WHAT TO WORK ON: Return only the lines from the start of the records through the line that contains "een grote PVC-buis", inclusive; leave out all pictures.

-*-

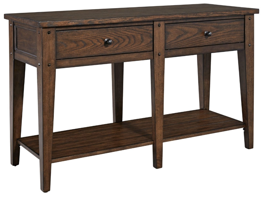 Accent your space with the casual country style Lake House sofa table. Crafted of poplar solids and oak veneers, this piece features a rustic brown oak finish, appealing planked top, bottom planked shelf and two drawers for additional storage, simplistic wood and peg accents, antiqued brass knob hardware, anchored by a tapered leg design.Read More
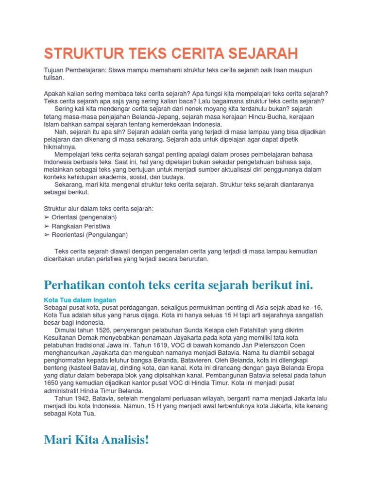 Fungsi Teks Cerita Sejarah : Pengertian, Ciri, Struktur, Kaidah Kebahasaan, Jenis Dan Contohnya | Teks.Co.Id
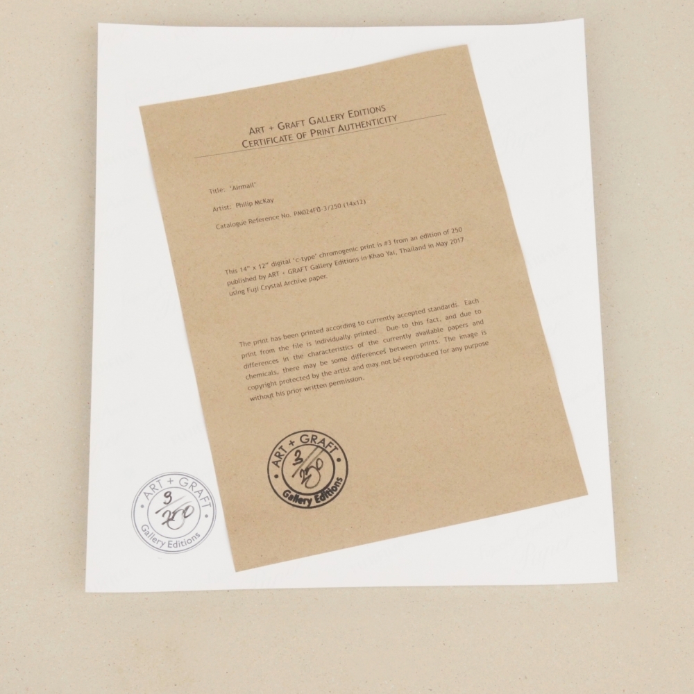 ● Philip Mckay is een Engelse kunstenaar, geboren in 1963. Zijn werk omvat fotografie en digitale kunst. ● Hij wordt beïnvloed door gebeurtenissen uit het verleden en gebruikt wanhoop en eenzaamheid als basis van zijn surrealistische & atmosferische universum. Zijn kunst is peinzend en dromerig. Beïnvloed door mensen als Dali en Magritte, creëert hij vakkundig nieuwe en ongewone realiteiten. Zijn conceptuele beelden worden regelmatig gepubliceerd als muziekalbumhoezen en vertegenwoordigd door kunstgalerijen in het VK en daarbuiten. ● Chromogene print op Fuji Crystal Archive papier ● Papierformaat - 14 "x 12" (36 x 30 cm) ● Afbeeldingsgrootte - 10½" x 10½" (26 x 26 cm) ● Gesigneerd in de plaat ● Genummerde galerijstempel ● Certificaat van afdrukauthenticiteit ● Titel onder afbeelding ● Conditie - MINT ● Wordt verzonden in een grote PVC-buis
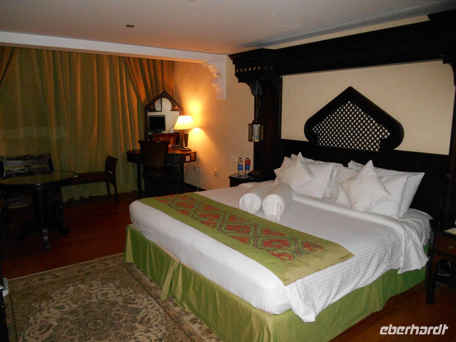 Einen Großteil unserer Gruppe traf ich bereits gegen 9 Uhr am Flughafen in Dresden, wo wir uns bei einem gemeinsamen Frühstück schon etwas kennen lernen konnten. Gut gestärkt ging es anschließend nach Frankfurt, wo wir mit dem Rest unserer insgesamt "24-köpfigen Reisefamilie" zusammen kamen und es aufgrund einer nebelbedingten Flugverspätung gerade so schafften, unseren Anschlussflug nach Dubai pünktlich zu erreichen. Nichts desto trotz, alles klappte letztendlich prima und nach einem angenehmen 6-stündigen Flug mit Lufthansa landeten wir am Abend in Dubai. Nachdem wir alle Einreiseformalitäten erledigt hatten, wurden wir von unserer sympathischen örtlichen Reiseleiterin Anja (übrigens aus dem sächsischen Döbeln stammend!) herzlich begrüßt. Kurz nach 23 Uhr kamen wir im zentral gelegenen Hotel Arabian Courtyard Hotel & Spa, unserem Domizil für die nächsten zwei Nächte, an. Es befindet sich direkt gegenüber vom Dubai Museum und ist ganz einfach der ideale Ausgangspunkt, um Sehenswürdigkeiten zu besuchen. Die geräumigen Zimmer sind komfortabel und im arabischen Stil eingerichtet.
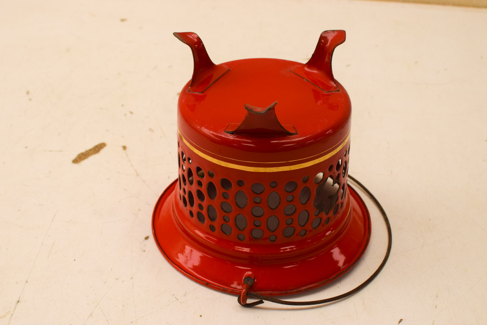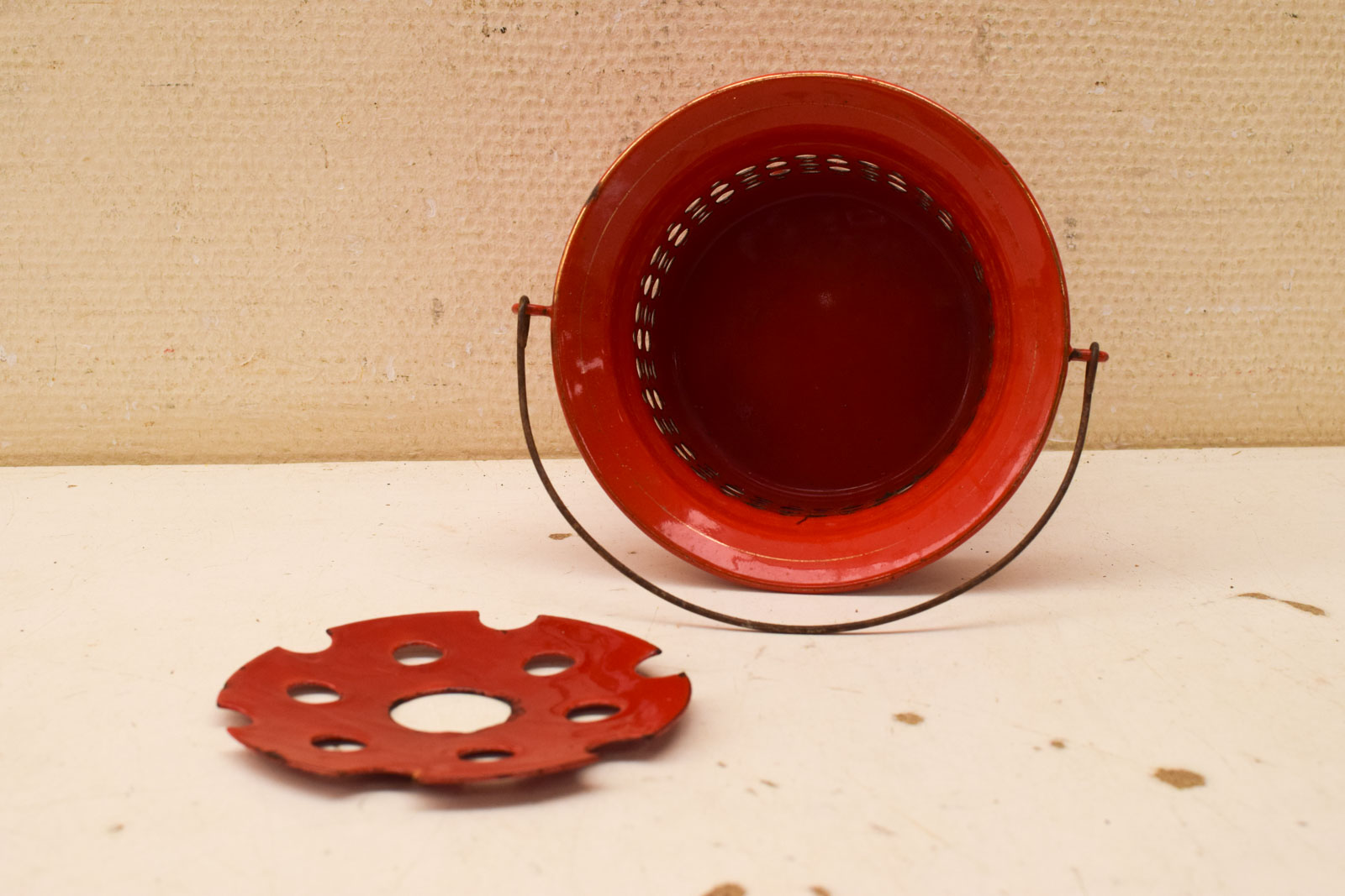 kleur rood/ oranje de kleur wijkt af van de foto diameter bovenkant 16 cm gemeten zonder hendel hoog 14 cm de theelichthouder heeft roest en gebruikssporen

-*-

TASK RESPONSE:
 Accent your space with the casual country style Lake House sofa table. Crafted of poplar solids and oak veneers, this piece features a rustic brown oak finish, appealing planked top, bottom planked shelf and two drawers for additional storage, simplistic wood and peg accents, antiqued brass knob hardware, anchored by a tapered leg design.Read More
 Fungsi Teks Cerita Sejarah : Pengertian, Ciri, Struktur, Kaidah Kebahasaan, Jenis Dan Contohnya | Teks.Co.Id
 ● Philip Mckay is een Engelse kunstenaar, geboren in 1963. Zijn werk omvat fotografie en digitale kunst. ● Hij wordt beïnvloed door gebeurtenissen uit het verleden en gebruikt wanhoop en eenzaamheid als basis van zijn surrealistische & atmosferische universum. Zijn kunst is peinzend en dromerig. Beïnvloed door mensen als Dali en Magritte, creëert hij vakkundig nieuwe en ongewone realiteiten. Zijn conceptuele beelden worden regelmatig gepubliceerd als muziekalbumhoezen en vertegenwoordigd door kunstgalerijen in het VK en daarbuiten. ● Chromogene print op Fuji Crystal Archive papier ● Papierformaat - 14 "x 12" (36 x 30 cm) ● Afbeeldingsgrootte - 10½" x 10½" (26 x 26 cm) ● Gesigneerd in de plaat ● Genummerde galerijstempel ● Certificaat van afdrukauthenticiteit ● Titel onder afbeelding ● Conditie - MINT ● Wordt verzonden in een grote PVC-buis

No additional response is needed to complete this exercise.